I’ve no idea why I wrote l, not even close to h on the kb.
Helen McCall
Dear Anders,
Wait till you get to my age. Then you will find you make far more of these little errors. Errors like this which I have made on this discussion, and subsequently spotted, have included; leaving the “r” out of “matrices” to read “matices”, and unfortunately calling Eben Upton “Eben Upjohn”! I call these “Senior Moments”.
Givi
Hi,
Is it possible to attach a “Raspberry Pi AI HAT+” and a “SSD NVMe.2” to a RPi-5 by at the same time, by utilising a “GeeekPi Dual FPC PCIe HAT”? How much performance degredation can you expect? Or is there a better way to do that?
Many Thanks.
Helen McCall
Dear Givi,
The product brief for the AI Hat+ does not give its power requirements. The current requirement is going to be very much larger than for an SSD. Couple this fact to the AI Hat+ automatically switching the PCIe bus to PCIe3, which will probably increase the current draw of the SSD appreciably, and you should be able to see that this combination is quite likely to go over the Pi5 power budget. I wouldn’t like to guess what problems any such current shortfall would cause. I can only say that I wouldn’t attempt it myself. A better option would be to use two Pi5 computers, one for the workstation with SSD, and the other as a headless server with the AI Hat+. I like to err on the side of caution, though I accept you might be more willing to live dangerously. ;-)
Givi
Hi Helen,
Thank you for your kind response and good advice. The power issue wasn’t somethinig I was thinking about at all. So, what if I use the “Raspberry Pi 5 AI Kit” instead of “AI Hat+”, would that make it any better or less power consumption?
Thank you.
Eduard
Hi Helen,
Raspberry Pi 5 and AI HAT+ with 26 TOPS,
OS 64-bit October 22nd 2024,
Raspberry Pi Global Shutter Camera
! is it ERROR ?:
ed@ed:~ $ hailortcli fw-control identify
Executing on device: 0000:01:00.0
Identifying board
Control Protocol Version: 2
Firmware Version: 4.18.0 (release,app,extended context switch buffer)
Logger Version: 0
Board Name: Hailo-8
Device Architecture: HAILO8
Serial Number: ?
Part Number: ?
Product Name: ?
it is OK:
rpicam-vid -t 0 –post-process-file ~/rpicam-apps/assets/hailo_yolov8_pose.json –lores-width 640 –lores-height 640 –width 1456 –height 1088
Thank you.
Ed
Marccello Peres
I’m using the Raspberry Pi AI Kit with the Hailo-8L chip, and I want to confirm the power requirements for this setup. Does the Hailo-8L HAT receive power solely through the PCIe/M.2 interface, or does it also require power from the GPIO pins? My goal is to power the HAT only through the PCIe connection if possible.

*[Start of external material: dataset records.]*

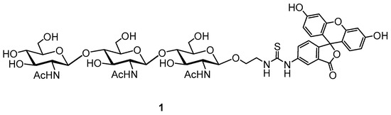 A new approach for lysozyme activity determination was proposed by using a fluorescence polarization assay (FPA), which was developed to study the activity of type-C lysozyme for diagnostic purposes, using fluorescently labeled natural peptidoglycan [28,31]. This inherent variability in natural peptidoglycan posed significant challenges in comparing lysozyme activity measurements across different experiments or laboratories, hindering reproducibility and standardization. The inconsistencies stemmed from variations in peptidoglycan structure and composition depending on bacterial source and extraction methods. These variations directly impacted the enzyme’s binding affinity and subsequent hydrolysis rate, leading to unreliable results. It is known that in addition to muramidase activity, lysozyme also has chitinase activity, therefore synthetic fluorescently labeled glycoconjugates—precisely defined, homogenous substrates—provide a much-needed standardized approach [32]. These synthetic substrates, chitooligosaccharides, including the chitotrisaccharide 1 (Figure 1) offer superior control over substrate composition, length, and labeling density. This ensures consistency in experimental conditions, minimizing the variability seen with natural peptidoglycans.
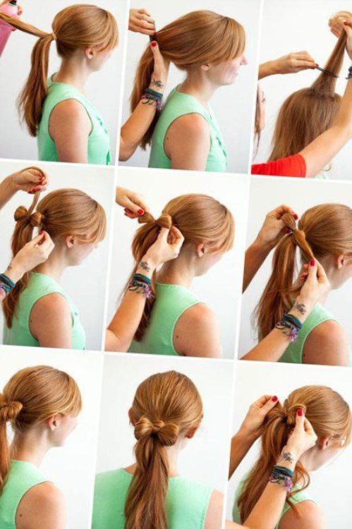 2. Во время того как делаете хвост, не протягивайте волосы до конца, а оставьте как бы петлю.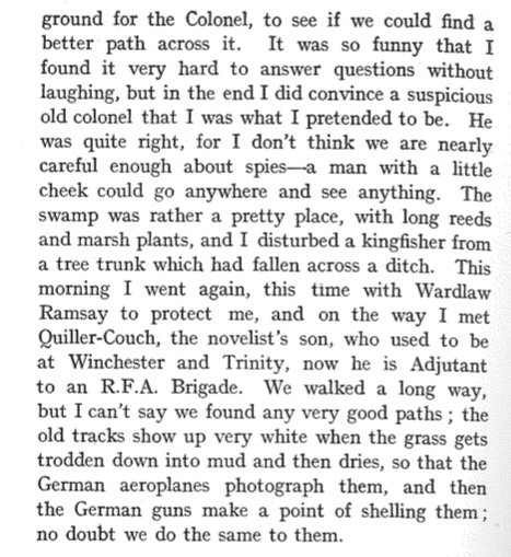 A excerpt from A.D.’s letters from September 15, 1915…. The previous page of this screen capture starts: “ Yesterday I was nearly arrested as a spy, while making a reconnaissance of some swampy….
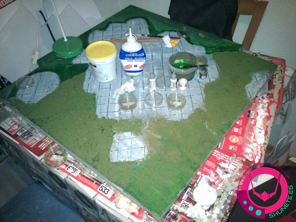 Con un ritmo frenético comenzamos a organizar y distribuir cuadros, colgar las lonas, preparar mesas y hacer viajes con el coche a por los dioramas (Gracias a David ajeno a la exposición por acompañarnos con tu coche y cedernos maletero para cargar y descargar dioramas y a Esme por cedernos el espacio en tu casa para almacenarlos).

Thank you for your assistance!
Jacob Gilbert
Would you be able to combine this with the AI Camera? Or are they not compatible in that way?
Danilo Pietro Pau
What sort of GenAI can run it ? Are these GenAI available through github ? Thanks
Bones
I have a question, the pi 5 has PCIe 3 X1 capabilities, but the 26 TOPS version runs x4? How do you utilize this module to its full potential? Surely there’s bandwidth issues?
Literally bought my first pi 2 months ago. Grew up with a windows xp pc in the early 2000’s. Im 35 i think, and Im gonna learn Pis and Arduinos and AIs now, on my own, with my ADHD and spare time/internet access.
TL;DR: Why is the hailo module built for x2/x4 PCIe but the Pi5 is x1?